Lab 1. Identity Angel Project


In this lab, you will design experiments that help inform and construct an overall system.

Suggested Readings


A goal of this project is to develop an automated benevolent program that locates resumes on the Web having Social Security Numbers, and then, for each resume found, sends an automated email message alerting the subject that they are needlessly placing themselves at risk to identity theft. We would automate the system and have it operate 24/7 for the remainder of the semester and measure its overall performance and impact.

We can even build on the Identity Angel Project of Prof. Sweeney from years earlier, but before any of that, Professor Sweeney wonders whether this is a viable project and good use of our time together. That's the purpose of today's lab.

If we were going to build a system (don't worry if you don't know how to program!), these are things we would have to address:

  1. Identify "real" resumes. How does a program identify real resumes from documents that are retrieved from a Google search (using Google's automated search feature)? Seems hard.

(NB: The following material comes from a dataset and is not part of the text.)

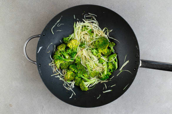 In einem mittelgroßen Topf ausreichend gesalzenes Wasser für die Nudeln zum Kochen bringen. Den Brokkoli in kleine Röschen schneiden. Den Ingwer schälen und in feine Stifte schneiden.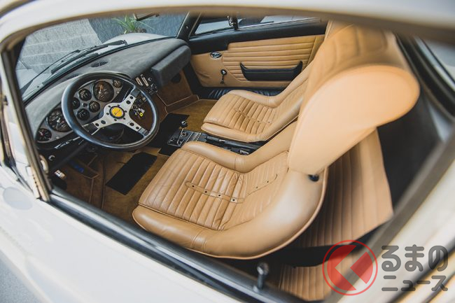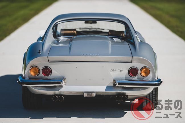 さて、オークションに登場したディーノ246GTは、ボディカラーがシルバーで内装がタンという珍しい組み合わせ。しかもタルガトップの「GTS」ではない点も希少だ。

  2. Harvest email address from resumes. Given a resume text file, how does a program harvest the email address of the subject of the resume, if the email address is present?

  3. Harvest Social Security number from resumes. Given a resume text file, ow does a program harvest the Social Security number of the subject of the resume, if present?

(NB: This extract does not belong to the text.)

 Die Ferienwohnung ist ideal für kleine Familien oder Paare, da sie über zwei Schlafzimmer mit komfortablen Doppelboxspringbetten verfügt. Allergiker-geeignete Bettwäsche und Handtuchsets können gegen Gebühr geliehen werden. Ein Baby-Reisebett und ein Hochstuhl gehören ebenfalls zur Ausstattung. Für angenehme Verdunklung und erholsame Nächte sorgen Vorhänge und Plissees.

  4. Harvest date of birth from resumes. Given a resume text file, how does a program harvest the date of birth of the subject of the resume, if present?

  5. Convert PDF into text. Given a resume in PDF format, can a program produce a text file containing the content?

  6. Convert HTML into text. Given a resume in HTML format, can a program produce a text file containing the content?

  7. Send email messages. Given an email address and a URL where a resume was found, can a program send an email message to the person who is the subject of the resume?

Meet professors who have hypotheses that question Professor Sweeney's vision.


Professor Alice asserts that you cannot write a program that will automatically identify real resumes from other pages (#1 above).

Professor Bob asserts that you cannot write a program that will automatically identify demographics in resumes (#2, 3 and 4 above).

Professor Cathy asserts that most resumes are in PDF or HTML format so you will not be able to retrieve the text (#5 and #6 above).

Not effective

Professor David asserts that you can write a program that sends email, but you need a human to respond to inquiries and that is cost prohibitive (#7 above).

Professor Ellen asserts that you can do it, but the number of takedowns will be small.

Professor Frank asserts that you can do it, but you can never tell the public because then identity thieves will build the same system.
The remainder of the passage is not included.